RECORDED INFORMATION:
▬▬▬▬▬▬▬▬▬▬
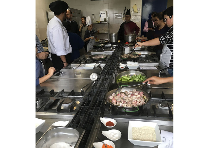 Y ya nos pusimos con la tarea, la elaboración de los arroces. Los niños estaban centrados en las explicaciones del profesor, con ganas de hacerlo ellos solos (esas ganas de ser independientes…!), responsables cada uno de lo suyo, lavándose las manos a cada poco, no manchando más de lo necesario o limpiando cuando debían… estábamos sorprendidos pero muy gratamente!
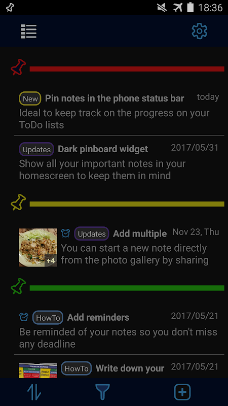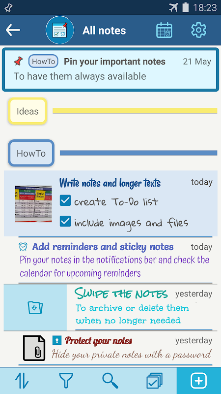 • sort your notes by priority, category, date and time, alphabetically or by reminder date
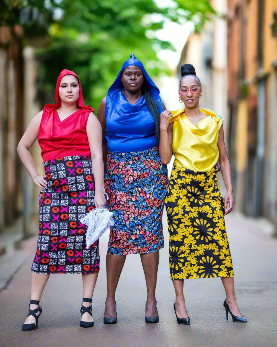 Embrace your inner queen with this show-stopping couture piece that masterfully blends African luxury with contemporary elegance. This meticulously handcrafted dress showcases the vibrant spirit of Ankara prints paired with the sophisticated allure of satin, creating a statement piece that commands attention.
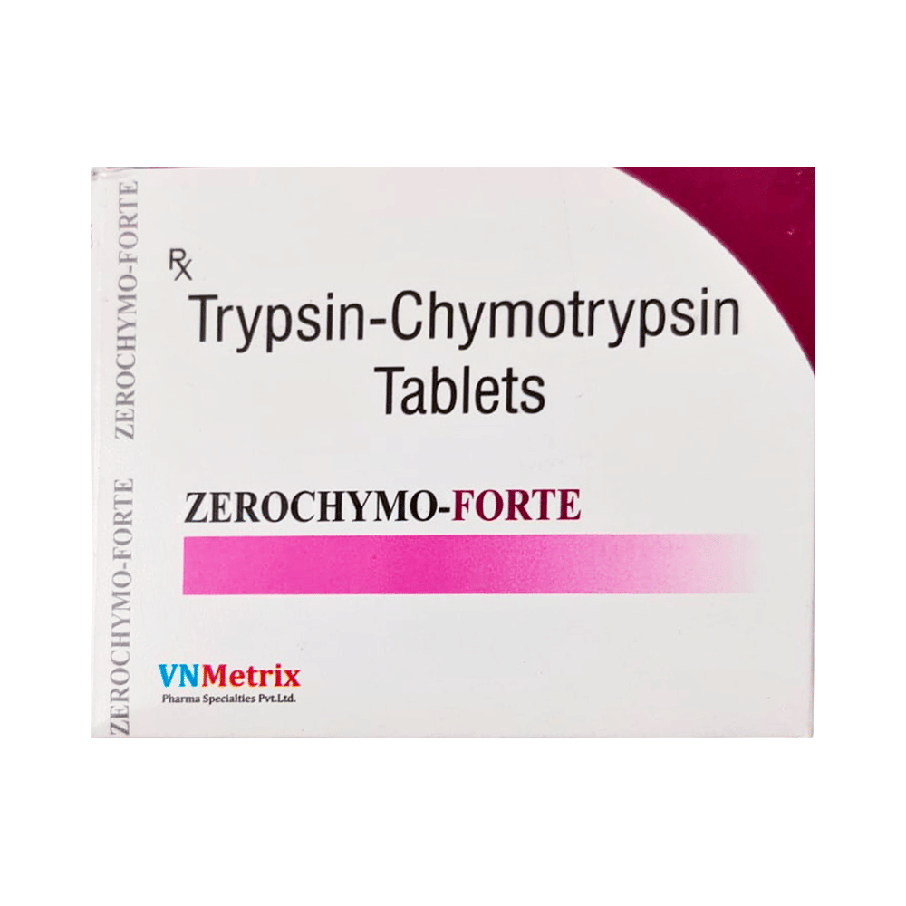 Zerochymo-Forte Tablet is a medicine used in the treatment of pain and inflammation (swelling). It helps relieve pain and swelling in postoperative wounds and other inflammatory diseases. Zerochymo-Forte Tablet can be taken with or without food. In general, you should try to use the smallest amount necessary to control your symptoms, for the shortest possible time. You should take this medicine regularly while you need it. Try not to miss doses, as this will make the medicine less effective.This medicine is generally well tolerated and does not usually cause any common side effects. However, in rare cases, it might cause an allergic reaction. Symptoms of an allergic reaction include itching, shortness of breath, swelling of the lips or throat, shock, and loss of consciousness. Occasionally, it may also cause gastric disturbances. If you experience any such symptoms, consult your doctor immediately.To make sure it is safe for you, before taking this medicine, let your doctor know if you have any medical conditions or disorders. You should also tell your doctor all the other medicines you are using or taking. Pregnant and breastfeeding women should consult their doctors before using this medicine.
▬▬▬▬▬▬▬▬▬▬
WHAT IS REQUIRED:
Going back to the data above, write out everything from the line with "by reminder date" down to the line with "Embrace your inner", both included, leaving every picture out.

TASK ANSWER:
 • sort your notes by priority, category, date and time, alphabetically or by reminder date
 Embrace your inner queen with this show-stopping couture piece that masterfully blends African luxury with contemporary elegance. This meticulously handcrafted dress showcases the vibrant spirit of Ankara prints paired with the sophisticated allure of satin, creating a statement piece that commands attention.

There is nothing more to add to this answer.